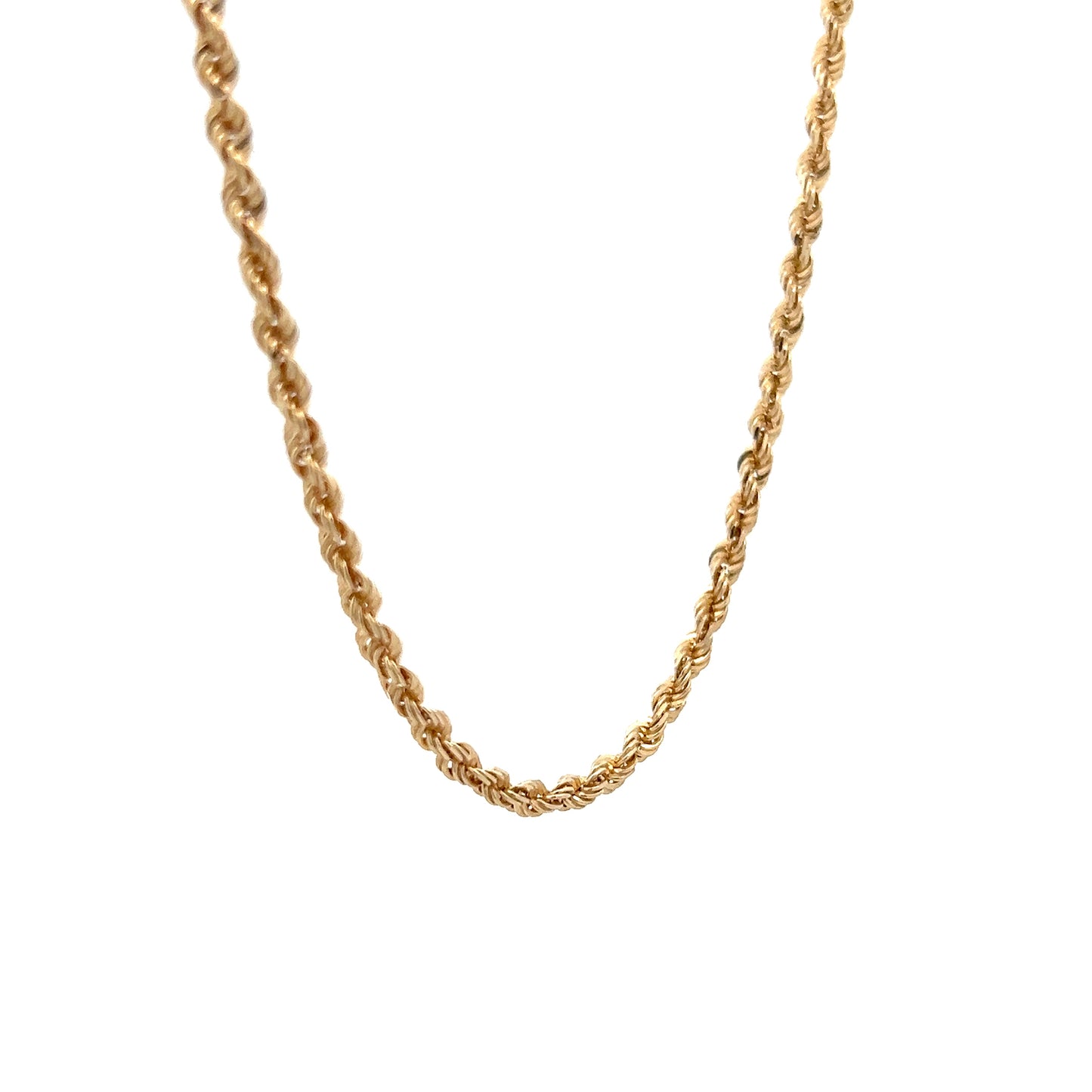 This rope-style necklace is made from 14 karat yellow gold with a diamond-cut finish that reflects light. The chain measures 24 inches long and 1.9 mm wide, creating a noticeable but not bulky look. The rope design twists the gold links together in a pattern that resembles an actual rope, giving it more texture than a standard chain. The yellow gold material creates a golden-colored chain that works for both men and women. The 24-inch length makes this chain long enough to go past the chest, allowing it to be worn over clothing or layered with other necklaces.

--

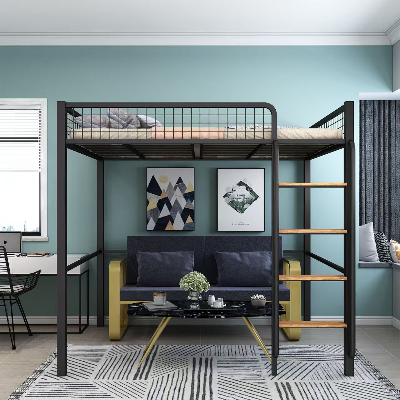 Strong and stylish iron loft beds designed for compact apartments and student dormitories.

--

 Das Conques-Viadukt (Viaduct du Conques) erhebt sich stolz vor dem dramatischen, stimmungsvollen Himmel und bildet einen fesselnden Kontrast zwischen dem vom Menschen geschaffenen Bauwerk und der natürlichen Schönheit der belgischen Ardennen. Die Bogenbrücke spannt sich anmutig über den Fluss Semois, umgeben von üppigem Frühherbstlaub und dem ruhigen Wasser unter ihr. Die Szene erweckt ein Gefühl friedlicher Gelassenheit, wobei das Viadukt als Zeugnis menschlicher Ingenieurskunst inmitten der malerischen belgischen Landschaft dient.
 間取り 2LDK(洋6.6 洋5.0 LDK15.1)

■ **DIRECTIONS**: Using the records above, write out exactly the lines between the one holding "Das Conques-Viadukt (Viaduct" and the one holding "間取り 2LDK(洋6.6 洋5.0 LDK15.1)", inclusive; leave everything else out.

■ **RESULT OF THE TASK**:
 Das Conques-Viadukt (Viaduct du Conques) erhebt sich stolz vor dem dramatischen, stimmungsvollen Himmel und bildet einen fesselnden Kontrast zwischen dem vom Menschen geschaffenen Bauwerk und der natürlichen Schönheit der belgischen Ardennen. Die Bogenbrücke spannt sich anmutig über den Fluss Semois, umgeben von üppigem Frühherbstlaub und dem ruhigen Wasser unter ihr. Die Szene erweckt ein Gefühl friedlicher Gelassenheit, wobei das Viadukt als Zeugnis menschlicher Ingenieurskunst inmitten der malerischen belgischen Landschaft dient.
 間取り 2LDK(洋6.6 洋5.0 LDK15.1)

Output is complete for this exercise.